Но наемник упрямо потряс бородой.
— Если бы кто-то другой не задал ему трепку, то я сам сделал бы это. Он крепкий паренек, и к тому же, он ведь защищает честь Шаретти. Вы что, хотите, чтобы говорили, будто на службе у Вдовы — одни слабаки и трусы? Что там болтал про нее этот ублюдок Лионетто?
Феликс вскинул кулак. С ужасом сообразив, что сейчас начнется драка между наемником и сыном его хозяйки, Юлиус бросился вперед и перехватил отчаянно отбивающегося юнца. Затем оба замерли и вновь обернулись к причалу.
Тяжело дышащий, избитый, с распухшим лицом, нетвердо держащийся на ногах, Клаас теперь уже даже не притворялся, будто способен изучать противника или предсказывать, откуда обрушится новый удар.
Он лишь слабо оборонялся, удерживая шест двумя руками, пытаясь защищать голову и тело.
Разумеется, теперь Саймон был совершенно свободен в своих действиях. Он не старался зацепить дубинку противника, дабы обезоружить его, потому что тогда драке пришел бы конец. Вместо этого, пользуясь шестом как тараном или широко размахивая им, он методично и без спешки принялся избивать своего врага.
Похоже, думать Клаас был уже не способен. Вообще, с самого начала, по мнению Юлиуса, он шевелил мозгами ничуть не больше, чем какой-нибудь ветеран из отряда Асторре, окончательно отупевший от того, что его слишком часто били по шлему.
И все же искорка мысли внезапно зародилась в голове Клааса. Он дождался того момента, когда после серии скользящих ударов Саймон перехватил шест обеими руками, в точности, как он сам, и изготовился для новой атаки. Клаас почти ничем не выдал, что он намерен предпринять, лишь взгляд на миг сместился куда-то вбок, и вельможа с усмешкой тут же метнулся в этом направлении.

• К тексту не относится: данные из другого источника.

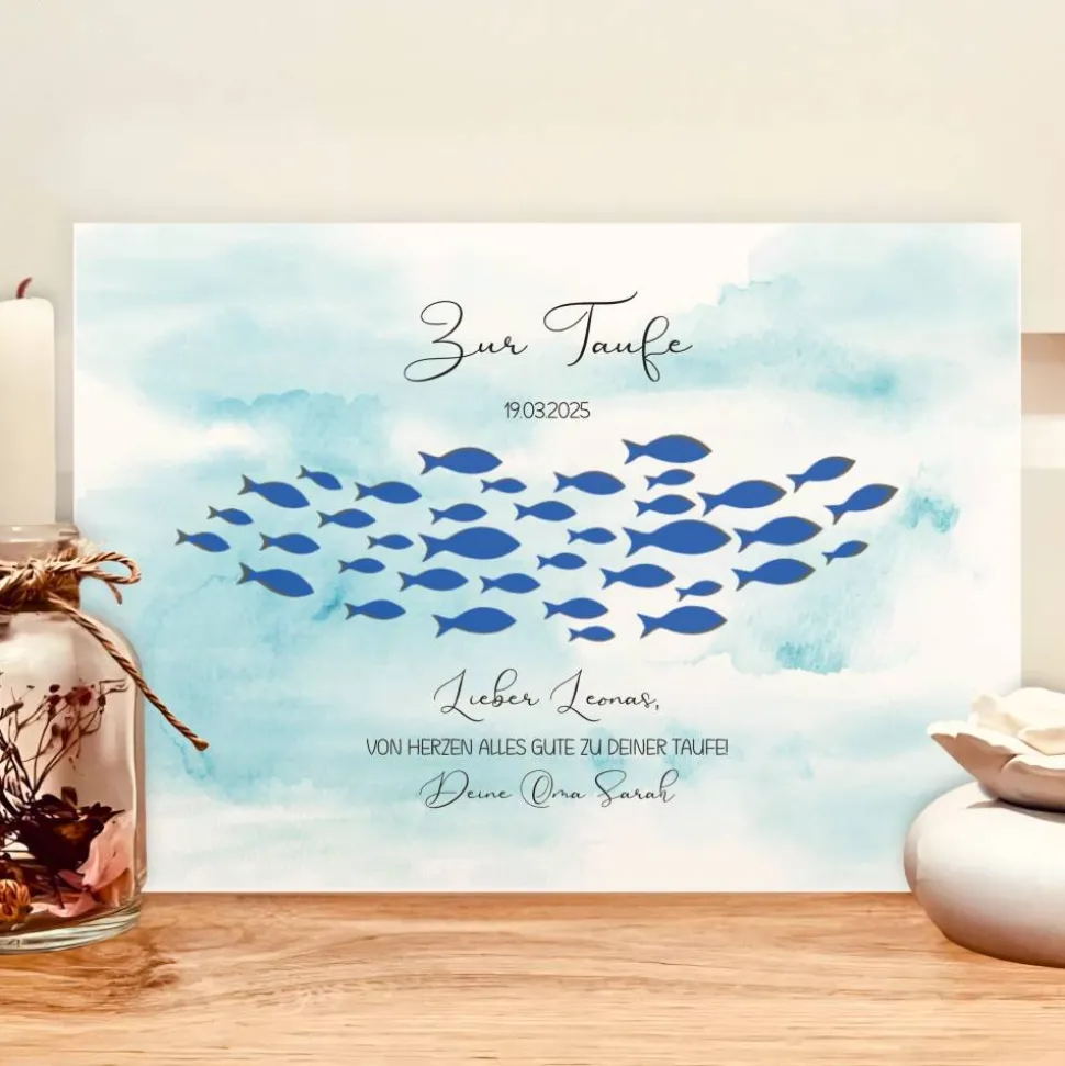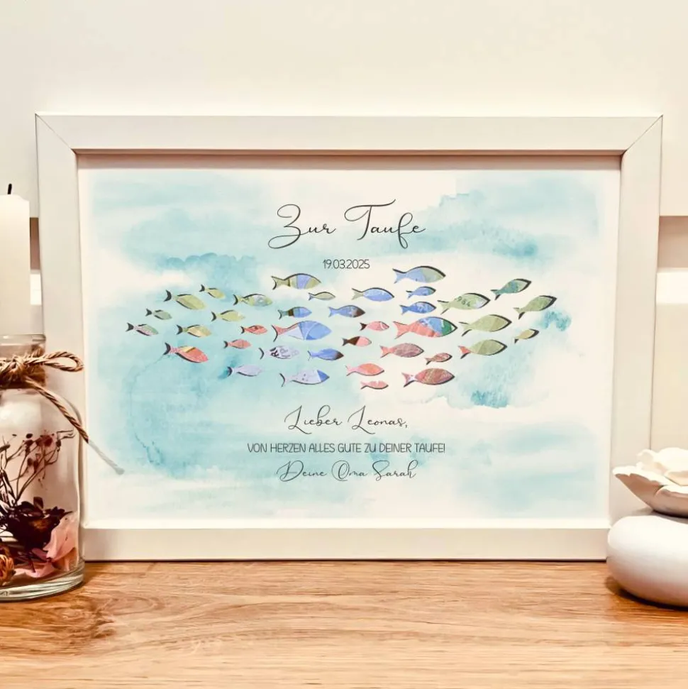 Stilvolle Erinnerung: Das Bild bietet hinter dem Schnittbild der Fische eine originelle Möglichkeit, Geld zur Taufe stilvoll zu verpacken. Der blaue Hintergrund sorgt dafür, dass der Rahmen auch ohne Geld ein echter Hingucker ist und als Dekoration in jedem Kinderzimmer glänzt.

Даже теперь он явно не мог поверить, что этот взгляд был всего лишь обманом. Однако Клаас вдруг очутился совсем с другой стороны и не только по-прежнему сжимал в руках свой шест, но и давил на противника изо всех оставшихся сил, с отчаянием обреченного.

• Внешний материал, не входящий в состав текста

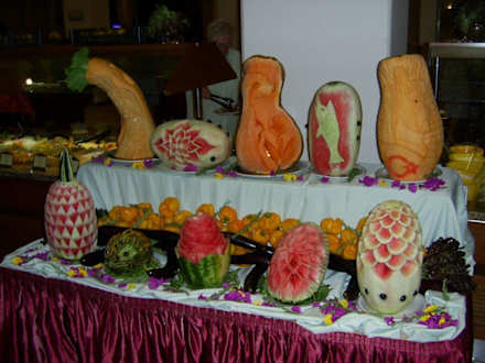 Nicht nur der Gaumen, auch das Auge ist mitFast täglich wechselnde Dekoration, fachmännisch und mit Liebe hergestellt und aufgebaut
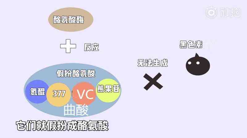 主要起作用的成分有:氢醌、377、维C、熊果苷、曲酸。他们主要是假扮成酪氨酸酶和酪氨酸酶反应,使之无法生成黑色素。
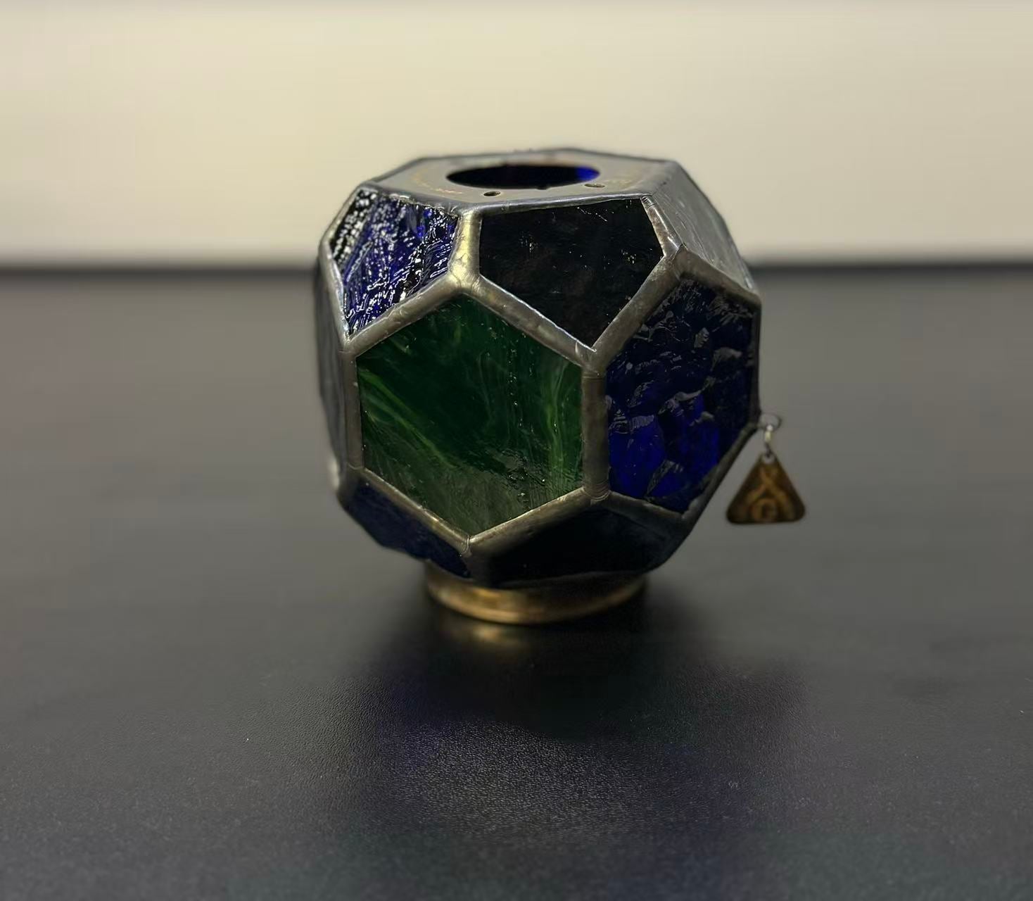 無骨さと繊細さを併せ持つ多面体のステンドグラスは、
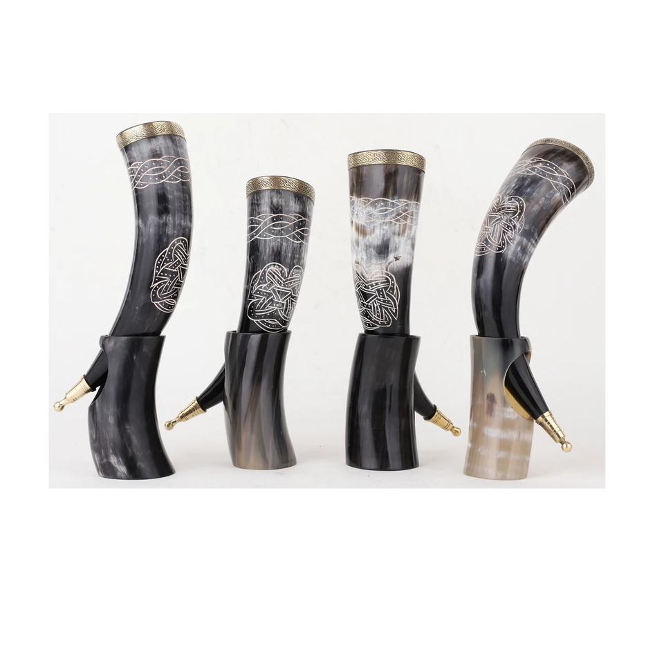 Support à bière en corne viking de haute qualité, fabriqué à la main, écologique, option de logo personnalisé, matériaux en corne naturelle, parfait pour boire

У него не было возможности увильнуть. Клаас подошел вплотную, столкнувшись дубинкой с шестом Саймона и по инерции шотландец отскочил назад, сперва на пару шагов, а затем уже медленнее, был вынужден отступить чуть дальше. Он отступал, потому что единственное преимущество подмастерья было в весе, и теперь, впервые за все время, у Саймона не было вообще никаких преимуществ.
Зрители затаили дыхание. Асторре что-то проворчал Феликс и Юлиус по-прежнему держали друг друга, а на краю причала в окружении своих приятелей, громко ругался Лионетто.